Grande Otelo era o inspetor de gafieira que exigia: “dança direito ou desce!”, no primeiro filme que Blecaute atuou, ainda como figurante, “Tristezas não pagam dívidas”. Depois, seguiu carreira bem sucedida no cinema, participando de 20 filmes, num deles, intitulado “Tudo Azul”, de Moacyr Fenelon, entoava a sátira “Maria Candelária”, calcada na conhecida fórmula de abuso por parte de algumas funcionárias públicas. Essas costumavam esperar ônibus no ponto que dá sobrenome à protagonista.

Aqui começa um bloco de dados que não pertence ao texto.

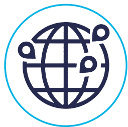
Strategia Zrównowazona Globalna

Se bem que elas preferiam mesmo andar de pára-quedas, como sugerem Klécius Caldas e Armando Cavalcanti.

Maria Escandalosa

O cantor Nuno Roland contracenou com Blecaute e Marlene no espetáculo Carnavália, encenado no Rio de Janeiro em 1968. Antes ele havia sido o responsável por apresentar o carnavalesco General à dupla Klécius Caldas e Armando Cavalcanti, nos corredores da Rádio Nacional. Dessa confraternização caiu na folia a desinibida “Maria Escandalosa”, que em 1955 Blecaute cantava rindo e dançando com os braços, como era de costume, mais um sucesso.



Piada de Salão

As dificuldades de fala eram tiradas de letra por um descontraído Blecaute que saboreava a gagueira do personagem com irredutível euforia. Ele que havia sido engraxate e entregador de jornais depois de ficar órfão aos 6 anos e antes de realizar o sonho de cantoria, era especialista em vencer barreiras. E por isso mesmo dava tom especialmente delicioso à “Piada de Salão”, da dupla que o municiava, Klécius Caldas e Armando Cavalcanti, no ano de 1954: “É ou não é, piada de salão, se acham que não é, então não conto não...”

Papai Adão

Blecaute colecionou muitos admiradores que adoravam seu jeito afável e de bem com a vida, esbanjando largo sorriso. Além disso, era conhecido também pela elegância, tanto dos passos como das vestimentas. A cronista Eneida dizia: “Olha que elegância de porte e que charme de sorriso.” Mas o traço mais marcante de Blecaute sem dúvida nenhuma era a espontânea simpatia, contida em sua maneira sinuosa de cantar ditados tão populares: “Papai Adão, Papai Adão já foi o tal, hoje é Eva quem manobra, e a culpada foi a cobra”. A divertida brincadeira sobre as relações conjugais é mais um exemplo da bem sucedida comunhão entre Blecaute e Klécius Caldas & Armando Cavalcanti.



Natal das crianças

“Natal das crianças” comemora a bonita inocência que Blecaute guarda em seu canto suave. É com singeleza que ele compõe a harmonia e imita os sinos que aguardam Papai Noel. Na música de 1955, que tornou-se clássica e recebeu mais de 40 regravações, dentre elas a de Carlos Galhardo, a celebração é agraciada com o clima de bondade que merece ter, sob a batuta do espaçoso sorriso branco que ocupa a cara inteira dum negro orgulhoso de simpatia e samba. Blecaute não é Blecaute só no nome artístico. É também na união gostosa de música e sabedoria em uma única risada ao povo. Uma risada sua já é suficiente. Mas ele não se cansa de distribuí-las, como presentes. Ao som de palmas e vibrantes marchinhas, marche General, a banda é sua!



Raphael Vidigal Aroeira

Lido na Rádio Itatiaia dia 05/12/2010.